The stage play was adapted into a manga called YoRHa Pearl Harbor Descent Record, which began serialization on Square Enix's Manga UP! online manga service. Megumu Soramichi illustrated the manga and Yoko supervised the story. Square Enix published the first volume of the manga in North America on December 13, 2022. During the fifth anniversary livestream of Nier: Automata, an anime television series based on the game was announced. It is produced by Square Enix and Aniplex, and animated by A-1 Pictures. The series, entitled Ver1.1a, ran from 2023 to 2024 split across two cours.

=== Crossovers ===

In October 2018, 2B was announced as a playable guest character DLC for Bandai Namco's fighting game Soulcalibur VI. Released on December 19, the DLC includes unique weapons and abilities, and an alternative white variation called "2P". Due to the inverted color scheme of 2B when playing as a second player, the name "2P" was adopted as a wordplay on "player two". Yoko Taro suggested the "P" stands for Panasonic. Characters from Nier: Automata were incorporated into a content patch for Final Fantasy XIV: Shadowbringers.
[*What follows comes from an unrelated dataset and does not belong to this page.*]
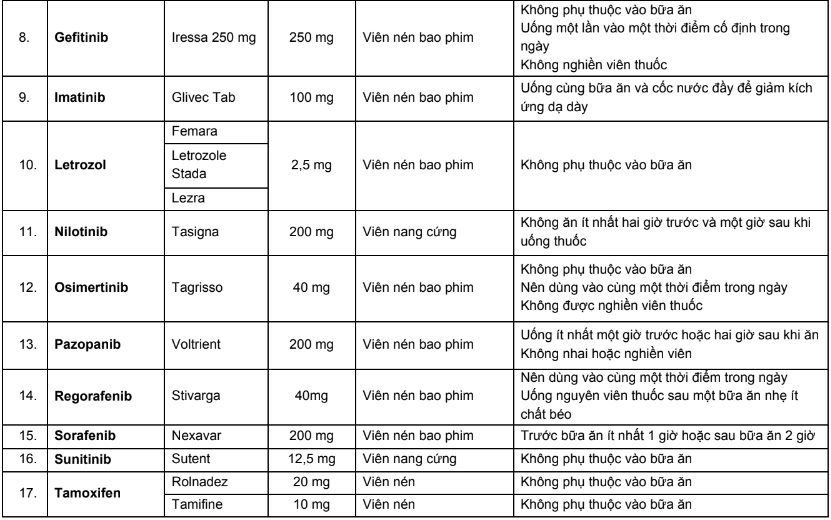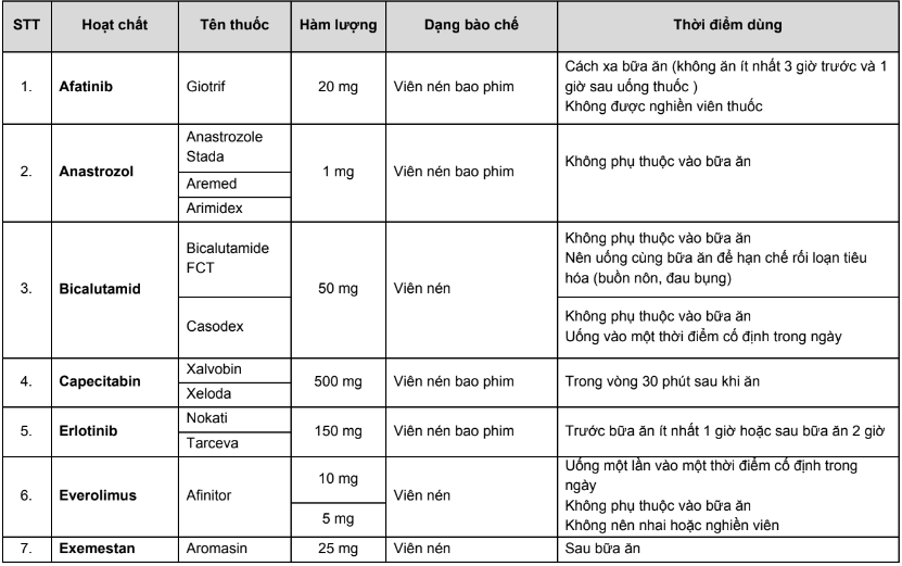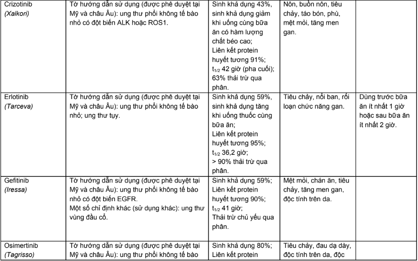 + Đường uống: đa số là các thuốc viên điều trị nhắm đích.

The scenario, which is titled YoRHa: Dark Apocalypse, was outlined by Yoko and given to other writers. The three episodes of YoRHa: Dark Apocalypse are "The Copied Factory", "The Puppets' Bunker", and "The Tower at Paradigm’s Breach". DLC costumes and promotional appearances based on the characters of Nier: Automata have also appeared in multiple third-party console and mobile games.

==Legacy==
A fan project to translate the graphics of Nier: Automata to Vulkan was started by Philip Rebohle in 2017 to get the game running smoothly on Linux. His success in January 2018 led to the offer of a contract with Valve, as it became apparent that his Vulkan interface could be used more broadly to run games on Linux. The project evolved into DXVK and is today integral to Proton, Valve's compatibility layer used to play Windows games on the Steam Deck and Steam Machine, as well as more generally for Steam games on Linux.